Google Rolls Out Gemini, the Most Powerful AI Model
- The Guardian
Jakarta – Google officially rolled out the most powerful artificial intelligence (AI) model called Gemini. This Google-made AI is said to be able to rival ChatGPT.
Gemini is Google's latest big language model, first announced by Sundar Pichai at the I/O developer conference last June and now publicly launched.
According to Pichai and Google DeepMind CEO Demis Hassabis, this is a huge leap in AI models that will eventually affect almost all Google products.
"One of the powerful things about today is that you can work on one basic technology and make it better, and it flows directly into all our products," Sundar Pichai said.
Gemini is not just one AI model. There is a lighter version called Gemini Nano which is intended to run natively and offline on Android devices.
There's a more powerful version called Gemini Pro that will soon power many of Google's AI services and be the backbone of Bard.
There's a more capable model called Gemini Ultra which is the most powerful LLM (Large Language Model) model ever made by Google and seems to be designed primarily for data centers and enterprise applications.
Google launched these models in several ways at the moment, Bard is now supported by Gemini Pro, and Pixel 8 Pro users will get some new features thanks to Gemini Nano, (Gemini Ultra is coming next year).
Developers and enterprise customers will be able to access Gemini Pro through Google Generative AI Studio or Vertex AI on Google Cloud starting December 13, 2023.
Gemini is only available in English for now, with other languages to follow soon. But, Sundar Pichai said that it will eventually be integrated into Google's search engine, its advertising products, Chrome browser, and more, worldwide.
OpenAI launched ChatGPT a year ago, and the company and its products quickly became the biggest thing in AI.
For now, Google is trying to create most of the underlying technology behind the current AI boom, having called itself an "AI-first" organization for nearly a decade, and was so surprised by how good ChatGPT was and how quickly OpenAI's technology took over the industry, Google is finally ready to fight back.
"We've done a very deep analysis of these two systems together, and done benchmark testing," Hassabis said.
Google now runs 32 existing benchmarks to compare the two models, ranging from overall tests such as Multi-task Language Understanding to tests that compare the ability of the two models to generate Python code.
"I think we're far ahead in 30 of those 32 benchmarks," Hassabis said.
"Some of them are very narrow. Some of them are bigger," he added.

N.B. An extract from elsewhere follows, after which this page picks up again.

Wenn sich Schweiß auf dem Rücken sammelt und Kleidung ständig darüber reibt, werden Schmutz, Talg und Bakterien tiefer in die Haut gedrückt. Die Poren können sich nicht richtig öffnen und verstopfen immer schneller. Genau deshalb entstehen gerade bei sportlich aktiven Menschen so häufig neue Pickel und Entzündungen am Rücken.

In those benchmarks (most of which are very close), Gemini's biggest advantage comes from its ability to understand and interact with video and audio.
This is very deliberate, multimodality has been part of Gemini's plan from the start. Google didn't train separate models for image and sound, like OpenAI did for DALL-E and Whisper, they built one multisensor model from scratch.

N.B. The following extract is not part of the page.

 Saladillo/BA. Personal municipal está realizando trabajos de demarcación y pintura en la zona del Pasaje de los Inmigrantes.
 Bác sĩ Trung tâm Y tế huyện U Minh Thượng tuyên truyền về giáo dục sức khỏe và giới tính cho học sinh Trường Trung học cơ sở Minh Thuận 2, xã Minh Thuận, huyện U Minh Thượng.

"We've always been interested in very general systems," says Hassabis.
He was particularly interested in how to combine all those modes to collect as much data as possible from a number of inputs and senses, and then provide a response with the same variety.
Currently, the basic Gemini model is text input and text output, but more advanced models like Gemini Ultra can work with images, video and audio.